> _Instructions for the task_
Leaving out all pictures, give again each line exactly, from the start of the listing through the line that contains "モードでよりリアルな大冒険へと出発しよう! - エスケープ・ザ・ロスト・キングダム:失われた砂漠の王国".

> _Raw data_
·····
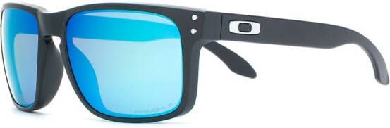 Holbrook zonnebril met vierkant montuur van Oakley uitgevoerd in plastic voorzien van vierkant montuur, gespiegelde glazen, logo op de tempel en gestrekte armen met gebogen uiteinden. Het artikel is inclusief beschermende hoes.
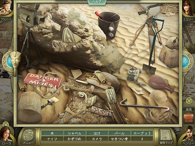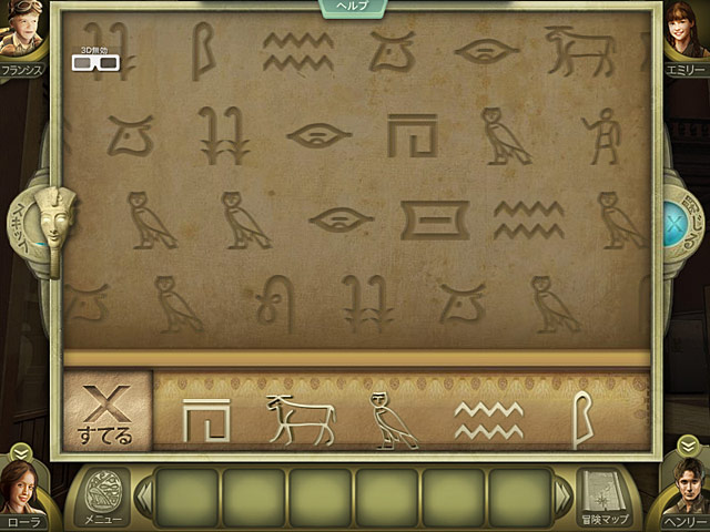 新しくオープン予定のエジプト博物館へと特別招待された家族 4 人。しかし一度足を踏み入れるとファラオの呪いによってピラミッドの中に閉じ込められてしまった!離ればなれとなった家族を無事再会させファラオの墓から脱出するためにもそれぞれのキャラクターとなりきって冒険をすすめよう。3D メガネを装着すれば臨場感あふれる場面を体験できるユニークな 3D モードでよりリアルな大冒険へと出発しよう! - エスケープ・ザ・ロスト・キングダム:失われた砂漠の王国
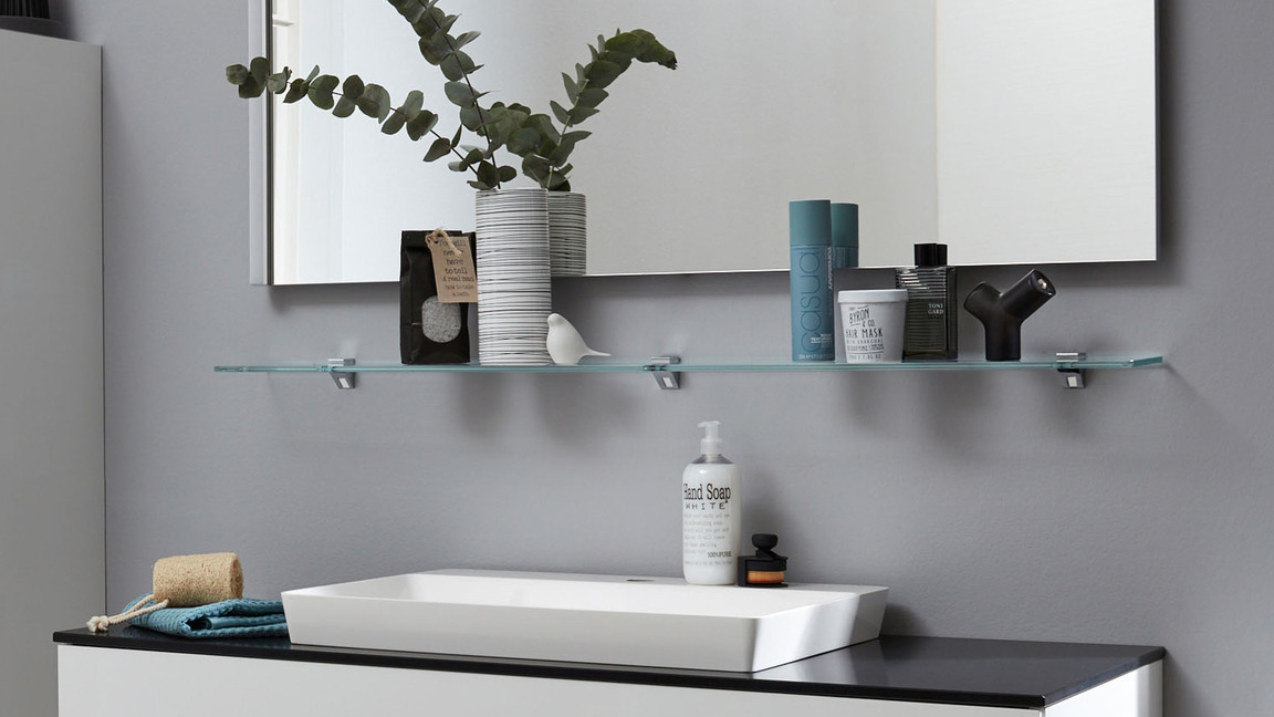 Es ist aus widerstandsfähigem und edlem Klarglas hergestellt. Im Lieferumfang finden Sie auch die zur Montage erforderlichen Metallhalterungen. Diese sorgen für die nötige Stabilität des Glasregals. Die Maße des erstklassigen Badboards belaufen sich auf ca. 120 x 1 x 13 cm (LxHxT). Alternativ ist es in drei weiteren Größen erhältlich.
·····
> _Task result_
 Holbrook zonnebril met vierkant montuur van Oakley uitgevoerd in plastic voorzien van vierkant montuur, gespiegelde glazen, logo op de tempel en gestrekte armen met gebogen uiteinden. Het artikel is inclusief beschermende hoes.
 新しくオープン予定のエジプト博物館へと特別招待された家族 4 人。しかし一度足を踏み入れるとファラオの呪いによってピラミッドの中に閉じ込められてしまった!離ればなれとなった家族を無事再会させファラオの墓から脱出するためにもそれぞれのキャラクターとなりきって冒険をすすめよう。3D メガネを装着すれば臨場感あふれる場面を体験できるユニークな 3D モードでよりリアルな大冒険へと出発しよう! - エスケープ・ザ・ロスト・キングダム:失われた砂漠の王国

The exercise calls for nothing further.